Lleyton Hewitt’s team recovered from losing the first singles. Then the Australian doubles pair battled back from a set down in the decider.

Australia won its 28th and last title in 2003. It has finally got back to the final.

“I am so proud. Australia has a really rich history in this competition,” said Hewitt, who played a record 43 Davis Cup ties for Australia from 1999-2018.

“We have been fortunate to win it all on a number of occasions a long time ago.
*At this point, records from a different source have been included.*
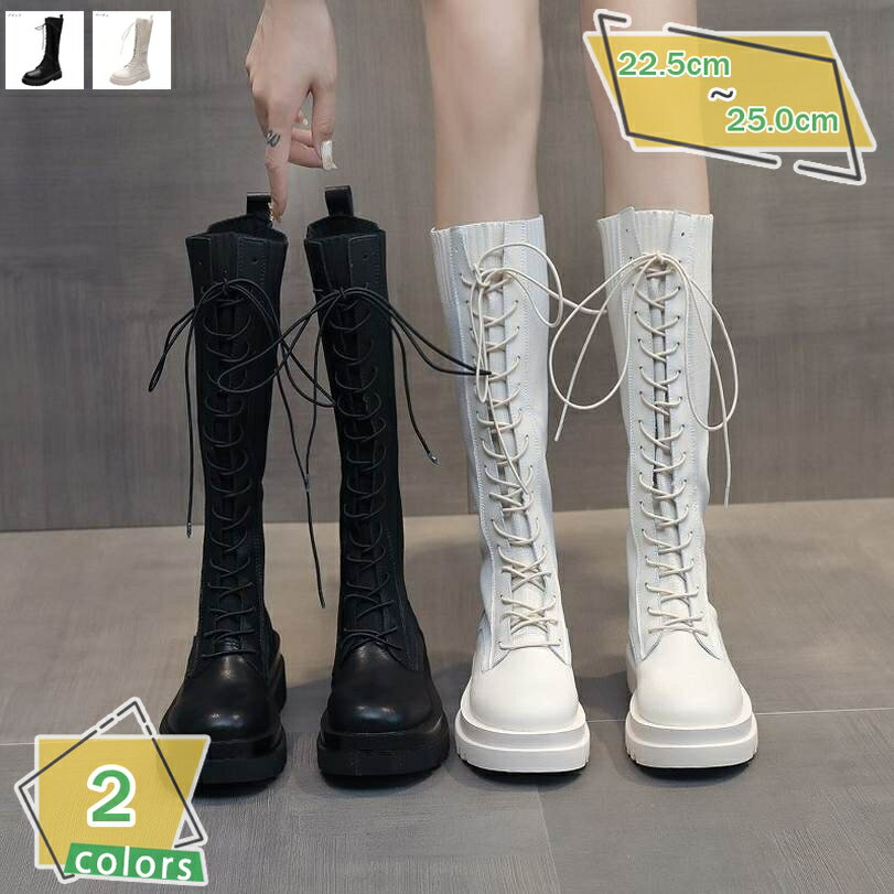 表地:合成皮革、ニットメイン素材:pu、ニット■ヒール:5.5cm 筒丈:33cm 履き口:24cm カラー:ブラック/黒色、ベージュ/白色 サイズ:22.5cm-25.0cm 素材:合成皮革+ニット 留め具:スリップオン ゆっくり履きたい、幅広、甲高の方はワンサイズアップをおススメします。■ストレッチのニット素材があるため、普段は紐を結んだり解いたりといった手間もかからず、着脱がしやすく便利で、大人可愛いロングブーツが毎日の通勤や通学、オフィスワークにもおすすめです。■ ... 10,806円 税込 送料込 カードOK サイバーショップ01 ![]() | ||
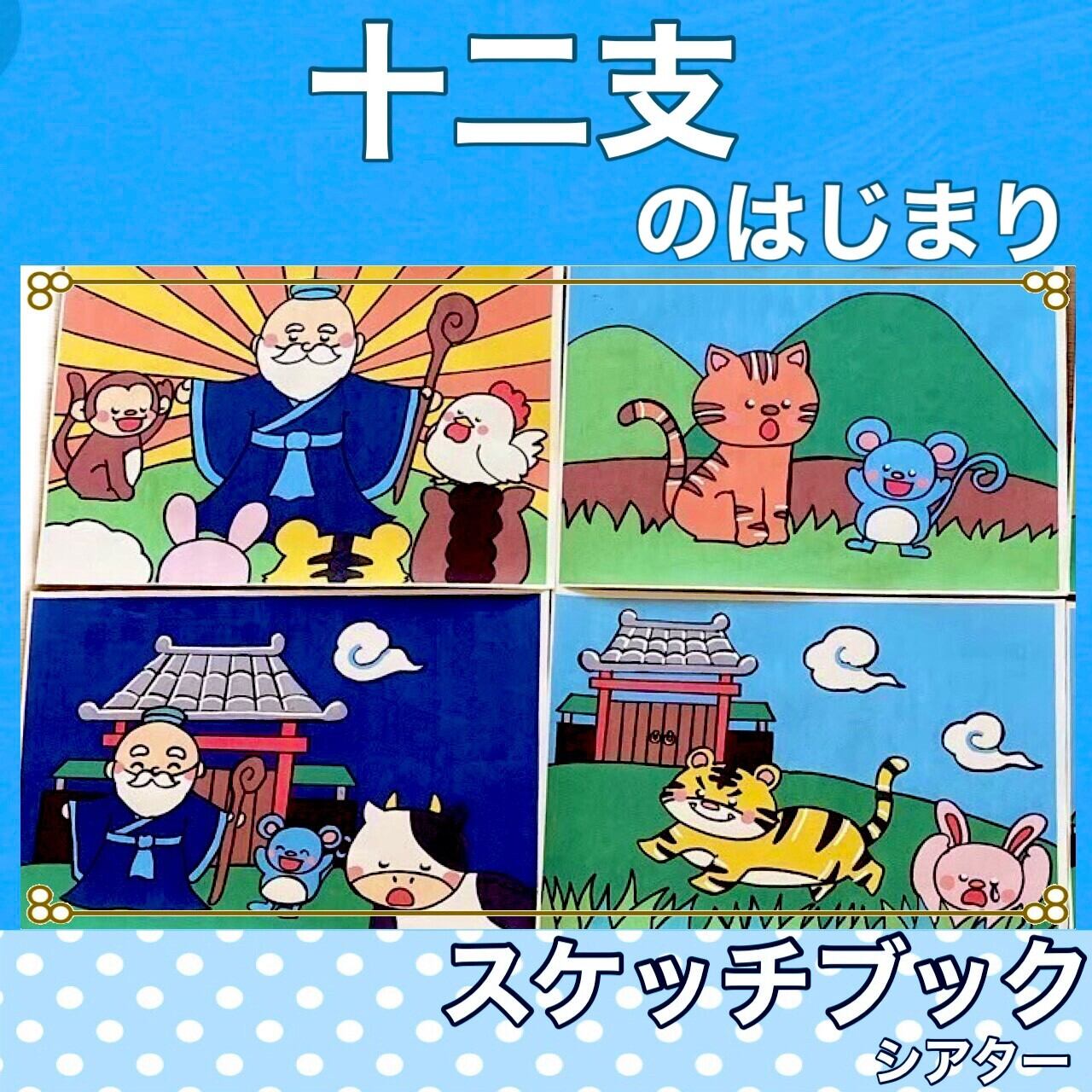 新作 十二支のはじまり スケッチブックシアター 紙芝居風 台本つき お話 12支 干支
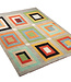 Beautiful hand-woven ,modern kilim carpet from Afghanistan, beautiful soft colours, certainly not a 'hard' fabric like most kilims!, but timeless and suitable for all types of interior styles due to the colours
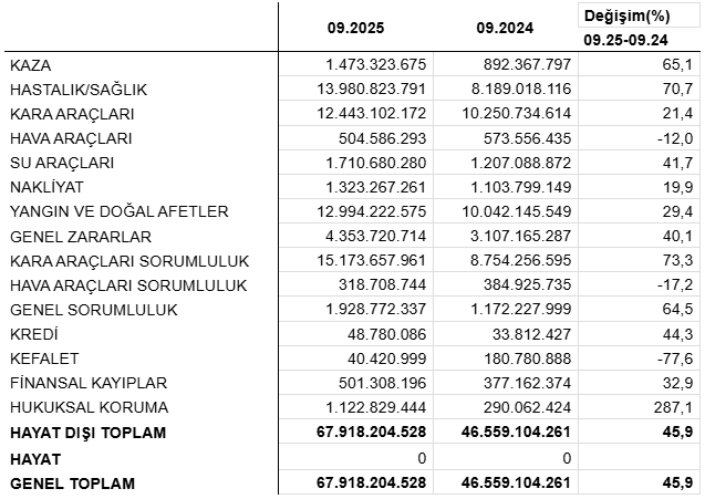 Branşlara göre Anadolu Sigorta’nın 2025 yılı 9 aylık prim üretimleri şu şekilde:

And I know what it meant to me as a player to play a final, and I am glad these guys can play it.”

Borna Coric put Croatia ahead by beating Thanasi Kokkinakis 6-4, 6-3, but Alex de Minaur leveled after defeating Marin Cilic 6-2, 6-2 to send it to the doubles.

Jordan Thompson and Max Purcell then secured the semifinal win against Nikola Mektic and Mate Pavic by 6-7 (3), 7-5, 6-4.

“This is what this team is about, that never-say-die attitude,” De Minaur said.

Canada will face Italy on Saturday in the other semifinal.

In the opener, Kokkinakis struck 11 aces, but Coric was able to break him once in each set.

“On my serve, I felt like it was an ace or he put it back on my toes,” Kokkinakis said.

Cilic, who was on the Croatia team that won the title in 2018, committed 10 double faults. That erratic serve helped De Minaur break Cilic four times and level his head-to-head record with the former U.S Open winner at two wins each.

Thompson and Purcell bettered the more experienced pair of Mektic and Pavic, both ranked in the top 10 in doubles. Thompson and Purcell combined for 13 aces, broke the Croats twice, and never dropped a service game to come back after losing the first-set tiebreaker.

Two-time winner Croatia was the runner-up last year.

“It proved too difficult on the court today,” Cilic said. “(But) for us it has been a great year again after the finals last year to reach the semis.”

The final is on Sunday on the indoor court in Malaga.